Nimbus IIWhen Michael Joyce made his now infamous retreat from electronic literature, he encountered an artist who had another system of wiring words together. Or rather, she encountered him through the cosmic machinations of a search bar. Her name is Alexandra Grant, and with her recent artist Focus series at the Museum of Contemporary Art in Los Angeles (through August 13, 2007), she revealed the latest iteration of her vision of linked language. (Hear podcasts by Grant on the exhibition.)

Previously, Grant and Joyce collaborated on “Wordlessnessless of the miteinander.” They presented presented this work at CalArts and the &Now Festival of New Writing at the University of Notre Dame (2004) (documented in the Notre Dame Review) as well as other showings. Joyce has written about the experience of what he calls a “networked collaboration” here.

In her introduction to the catalog for the exhibit, curator Alma Ruiz presents Grant as one deeply invested in the work of Helene Cixous and in the act of collaboration.

Grant’s works have several throughlines and iconic themes but none more her signature than her “bubble poems,” in which words appear (often backwards) encircled and linked. Another of her central images of this particular exhibit is the ladder, which Ruiz likens to the links between chambers of Borges’ “The Library of Babel.”

Grant continues to carry her project into new instantiations, whether penciling shadows of words on a wall or making wallpaper trompe l’oeil of her own work. Ruiz identifies Grant’s tendency to recycle her works. Most notably, Grant recycled her adaptation of Joyce’s poem “Nimbus” (see text) into one of the show’s most striking pieces and one of the most tightly realized executions of Grant’s unique medium, entitled, of course, “Nimbus II.”

In 2004, her version of “Nimbus” offered the words of the poem bent out of silver wire and then joined together, works she’s described as “spider webs of language.” The new re-imagining, rewiring of “Nimbus” recycles and extends the previous piece into a floor-to-ceiling revolving sphere of wire words, accentuated by an overhead lamp, which casts beautiful and ever changing shadows of the poem’s words on floor, in a kind of two-dimensional time-based, looping textual dance.

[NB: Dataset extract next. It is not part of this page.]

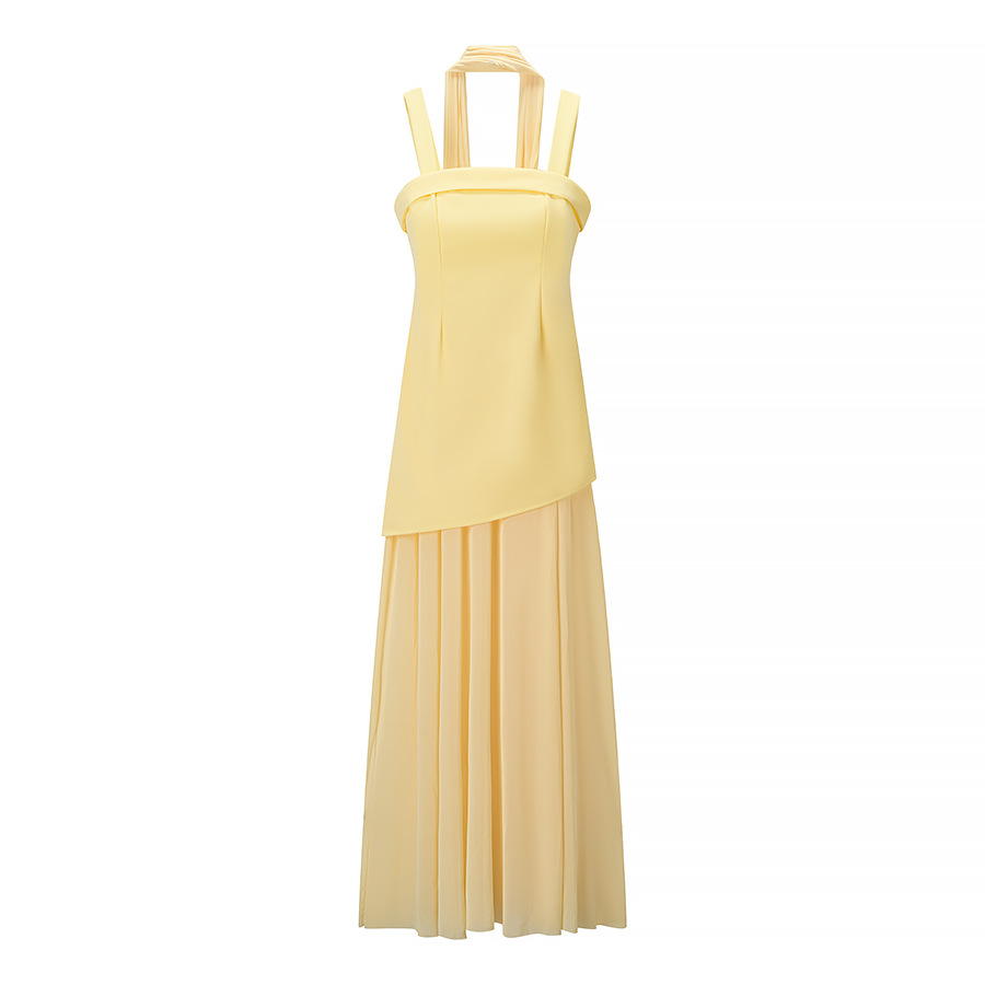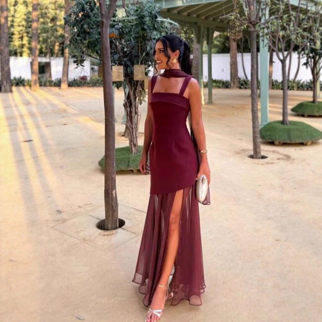 French Romantic Resort-Style Sexy Backless Flowy Strap Detail High-Slit Maxi Dress

At the point of their previous collaboration, Joyce had said:

In recent years my artistic work has moved away from the field of electronic (hypertext) literature out of concern for, and uneasiness with, the current state of such work in which the image has- as admittedly it has sometimes previously in history- taken ascendancy over the word. Literary works increasingly take on the guise of games or captioned interactive images and video. However what brought me to computers and new media in the first place was my writing.

More recently, at events such as Brown’s recent e-Fest 2007, Joyce seemed to be back on the elit scene. It is not yet clear to what extent this return will lead to another hypertextual narrative or signifies the redemption of literary hypertext. However, in his collaboration with Alexandra Grant his words enter an entirely new medium, an artist-specific medium, as his afternoon once was when it was the only work of its kind. Meanwhile, Grant’s work has quite a bit to offer our studies of literary new media.

  • Ruiz, Alma. “Mapping Language.” MOCA FOCUS: Alexandra Grant. The Museum of Contemporary Art, Grand Avenue, Los Angeles, 2007. 11-24.